If I use malloc to allocate one extra byte for the array and store my variable at the end of the array instead of its own variable in the struct will I save memory? I ask this question because it's unclear to me how much memory malloc will actually allocate. For example, if I ask it to give me 10 bytes for one array, do I get ten bytes or 16 guaranteed (64 bit system)? If I ask it to give me 10 bytes twice for two arrays do I get 20 bytes, 32 bytes, or 24 (24 because the total has to be in chucks of 8 bytes)? Because malloc should return pointers that are multiples of 8 I believe the answer would be 32 but I'm not sure (if this is the case then in the worst case I would get the same memory usage as just adding a variable to the struct). Another way this question may be phrased is if I use malloc to allocate X bytes, how many bytes are actually used?
Note:
Questions similar to the one I have, have been asked before but I don't believe they address the question that I'm actually asking. i.e.
https://stackoverflow.com/questions/5213356/malloc-how-much-memory-has-been-allocated
https://stackoverflow.com/questions/25712609/how-much-memory-does-calloc-actually-allocate
How much memory does malloc actually allocate?
This is not specified and is implementation specific. You could dive into the source code of existing free software implementations of the C standard library (e.g. GNU libc or musl-libc) to find out how they are doing malloc. Also, malloc can fail ( see my joke-implementation of it, which is very fast) and you should test against that.
As a rule of thumb, malloc would probably use one more word at least for book-keeping purposes, and align allocated memory to probably two words (e.g. 16 bytes on x86-64). But the details are implementation and ABI specific. Since there is some overhead, you could prefer to malloc a few large memory zones (e.g of several dozens of kilobytes each) instead of many small ones (of a dozen of bytes each).
I have a single uint8_t variable that I would like to add to this struct, however, memory is at a premium (there are going to be A LOT of these structs).
Are you so sure that memory matters that much? Most computers have many gigabytes of memory, and most (but not all) applications are not extremely hungry. In the embedded world, things are different (and sometimes you are not even allowed to use any malloc); however, Linux computers are also common in the embedded case (e.g. the bus I am taking to go at work has a display driven by some Linux x86 system - sometimes the GRUB screen appears, when the disk is down).
You could consider allocating large arrays of your struct A. You could consider using indexes into a huge array, instead of pointers. You could then consider allocating the my_value in another array, etc.

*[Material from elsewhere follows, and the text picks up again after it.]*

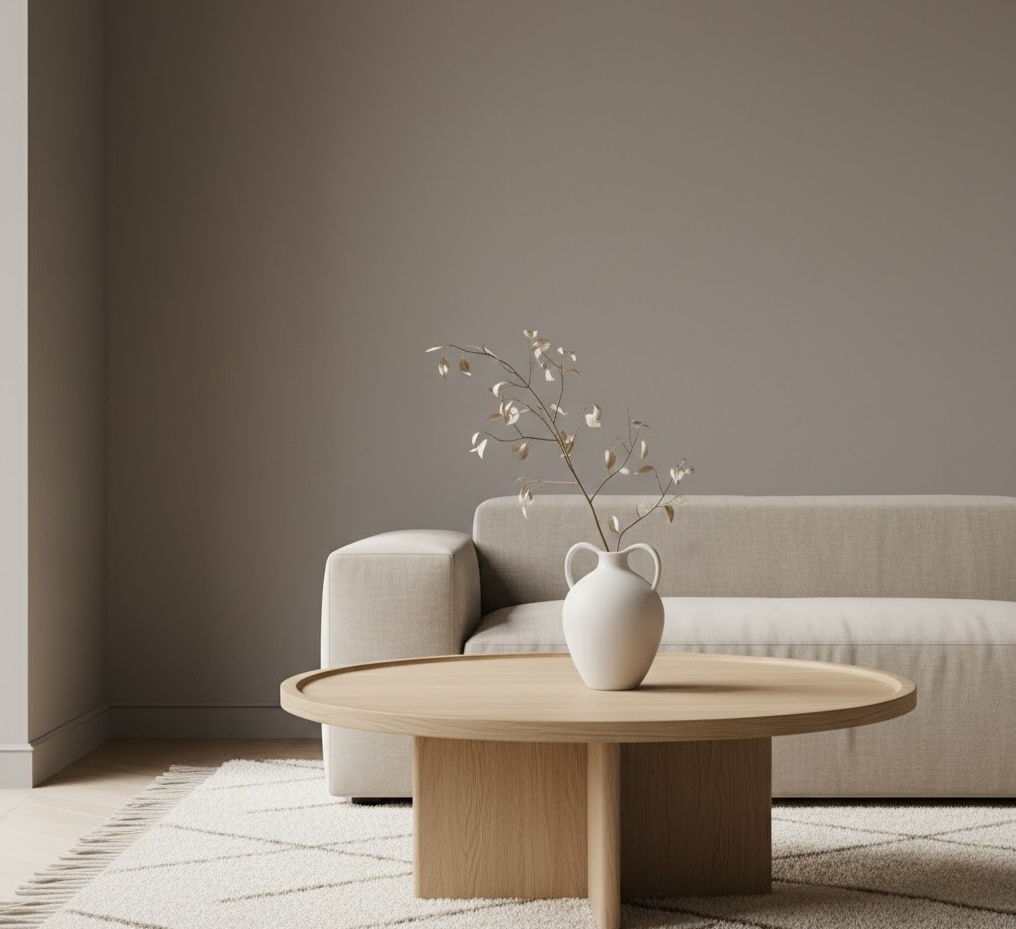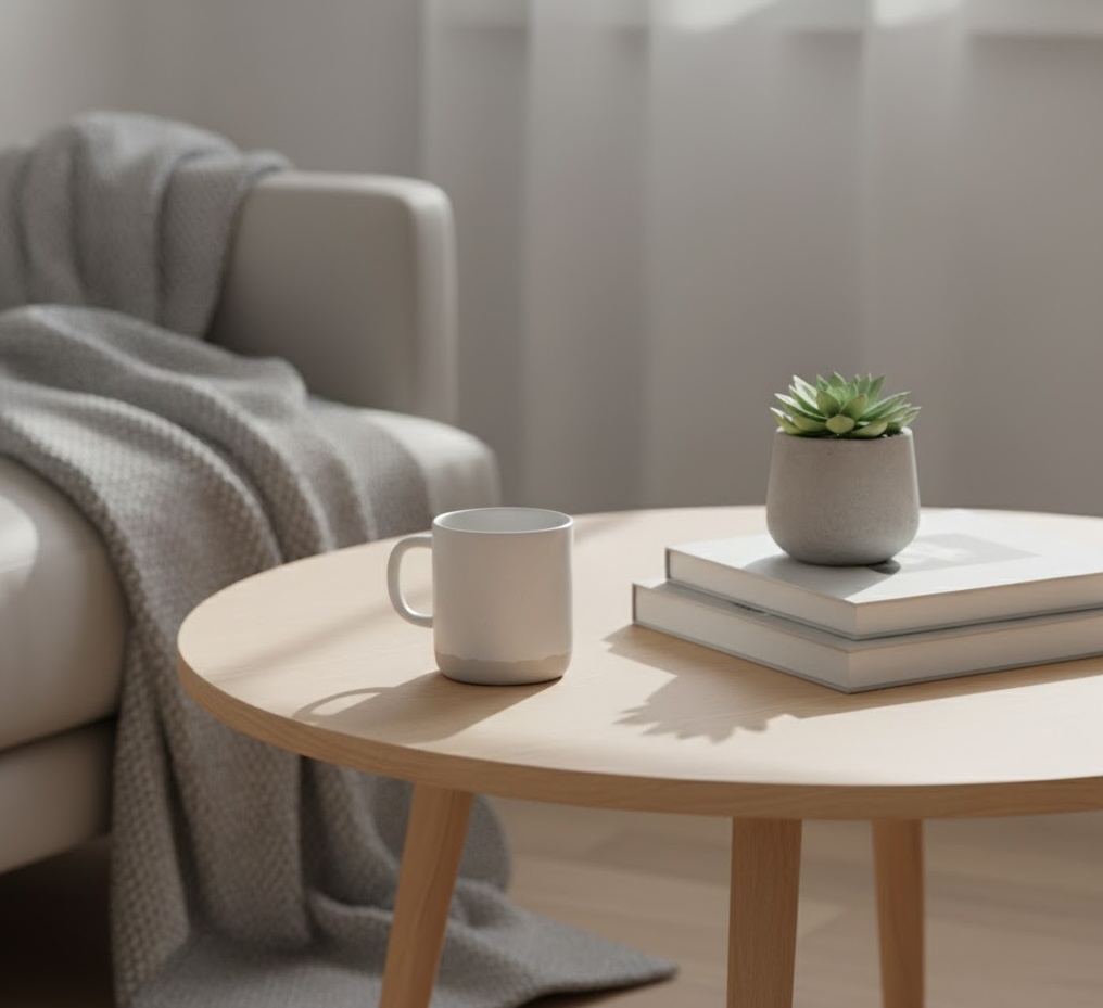 Scandinavian table elegance prioritises functionality, simplicity, and a deep connection to nature, creating a warm yet uncluttered aesthetic. This styling typically features a round coffee table made from light-coloured wood, such as birch or ash, with clean lines and a minimalist form. Accessories are carefully chosen for their understated beauty and practical purpose, including ceramic candle holders, a simple glass vase with fresh greenery, or a stack of design-focused magazines. The colour palette is dominated by muted tones – think soft greys, crisp whites, and subtle pastels – complemented by natural textures like wool, cotton, and linen, which contribute to a cosy “hygge” atmosphere. Every item on the table is thoughtfully placed, ensuring visual harmony and a sense of calm, making the space feel both inviting and highly organised. This styling transforms your round coffee table into a beacon of serene, functional beauty.

You could even code your own malloc. Usually you should not, since existing malloc implementations are well tuned. You could choose an alternative malloc implementation (e.g. tcmalloc)
For example, if I ask it to give me 10 bytes for one array, do I get ten bytes or 16 guaranteed (64 bit system)?
You'll probably consume at least 16 bytes, and probably 32 bytes. But this is implementation specific. Linux has mallinfo(3) and malloc_stats(3) and other similar functions to query the state of your process. And with proc(5) you can get a lot more information about it on Linux. For example, if your Linux process has pid 1234, look into /proc/1234/maps and /proc/1234/status while it is running. See also this Linux-specific answer.
Don't forget that your development time costs too. It is likely that one day of your own work costs more than adding more DDR4 RAM to your desktop.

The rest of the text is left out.